Astatine-211 (At-211) is a promising alpha emitter for nuclear therapy. A nuclear reactor is not needed for At-211 production, and it can be produced by a cyclotron from the naturally abundant element Bi-209. Clinical studies of At-211–labeled compounds are ongoing in several countries including Japan. In addition, the development of new At-211–labeled compounds and labeling methods is progressing. We recently reported a new At-211 chemical method using iodonium ylide as a labeling precursor¹⁴⁾ (Fig. 2). With this method, nucleophilic reaction with At-211 anions is used for radiolabeling instead of At-211 cations, which are sometimes unstable because of their various oxidized forms. Targeted alpha therapy is expected to be further developed in the future.

Fig. 2. At-211 Labeling Using Iodonium Ylide as a Labeling Precursor

Reproduced from¹⁴⁾ with permission from the Royal Society of Chemistry.

Targeted therapy using Auger electrons, which have a shorter radiation range (2–500 nm) than alpha rays,¹⁰⁾ is also attracting attention. DNA damage can be induced by binding the Auger emitter Pt-191 directly to DNA.¹⁵⁾ Because Auger electrons have an extremely short radiation range, organelle-specific damage can be induced.

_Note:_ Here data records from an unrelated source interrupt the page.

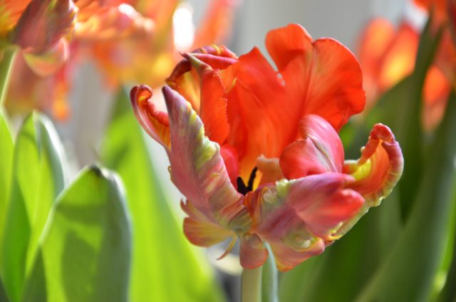 Nu är det tulpantider igen – det älskar jag. Så fort jag har möjlighet köper jag hem en bukett av denna krispiga, ljuvliga glädje – ibland passar jag på att köpa när tulpanerna har stått någon dag extra så de är nersatta, för jag tycker de är så vackra även om de inte är purfärska. Häller man lite potatismjöl i vattnet så står de sig extra länge.
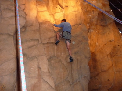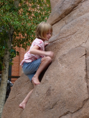 A few more pictures from last week in Colorado… We were at REI and found a bouldering rock, so Riley and I both climbed it. She was going to climb inside, but the rock was closed. We ended up going back on Friday since it was rainy out, and she was able to climb a little. When she saw the boy in front of her come down on the belay so fast, she didn’t want to go, but once I had the REI guy tell her she could come down slow, she did go up about 10 – 12 feet. She then wanted me to climb, and I made it up the 5.7 wall I had done about 10 years ago.
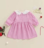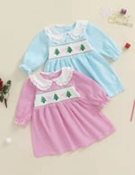 Beautifully embroidered with Christmas trees and bows, featuring a sweet ruffled collar and long sleeves for cosy comfort โ perfect for festive photos, parties, or Christmas Day itself!
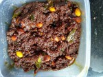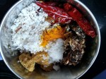 Grind together tamarind, coconut, jaggery,turmeric,salt and the fried ingredients add water to make a paste.
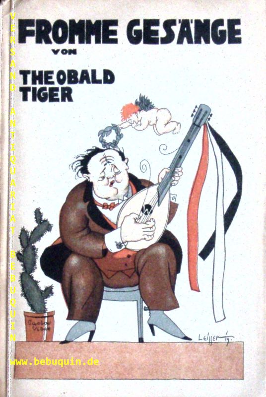 TUCHOLSKY.– TIGER, Theobald: (d.i. Kurt Tucholsky) Fromme Gesänge. Charlottenburg (Felix Lehmann), 1919. 114 S. farb. ill. OKart. von Theodor Leisser. EA WG² 3.
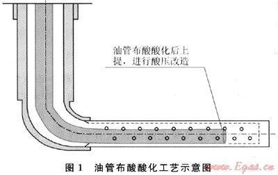 2007年以前,靖邊氣田重點(diǎn)采用了水平段油管布酸酸化+酸壓改造工藝(圖1),在2口水平井進(jìn)行了現(xiàn)場(chǎng)試驗(yàn),其改造效果較好。
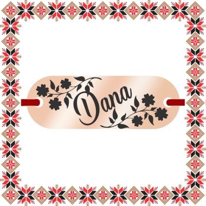 Bratara martisor cu pandantiv de inox in forma de placuta ovala de culoare rose gold gravata cu crengute de flori si numele doamnei dragi din viata ta, Dana. Daruieste martisoare personalizate! Alege un martisor realizat din otel inoxidabil pentru ca primitoarea il va putea purta tot anul, fa-o sa zambeasca odata cu venirea primaverii!

4. TARGETED MOLECULAR IMAGING WITH OPTICAL TECHNOLOGIES

Optical imaging is an easy-to-use technique because, unlike nuclear technology, it does not use ionizing radiation. Thus, it is widely used in basic sciences for both in vitro and in vivo experiments. For targeted in vivo fluorescence imaging, organic fluorescent molecules are typically used in combination with targeting molecules such as peptides, proteins, and nanoparticles. The advantages of fluorescence imaging include the ability to control the optical signal in vivo, and the signal can be activated specifically at the target tissues. With such activatable probes, target-specific imaging is possible with low background signals. Conversely, radiation from PET and SPECT imaging agents is not controllable in vivo, and thus, the background signal sometimes precludes target-specific imaging. Several approaches for constructing activatable probes have been reported, such as photo-induced electron transfer and fluorescence resonance energy transfer.¹⁶⁾ We have been developing activatable imaging agents that exhibit fluorescence when accumulated by cancer cells using π-electron stacking as a switch for fluorescence control.¹⁷⁾ That is, the formation of H-dimer, in which the dipole moment of the dye is coupled in the opposite direction due to π-electron interactions, is used to deactivate fluorescence. The fluorescence is activated after internalization of the imaging agents and conformational changes in the targeting molecule to release the π-electron interactions of the fluorescent dye. With this system, high contrast imaging was accomplished with low background signal. Thus, small tumor nodules were successfully visualized by fluorescence endoscopy (Fig. 3).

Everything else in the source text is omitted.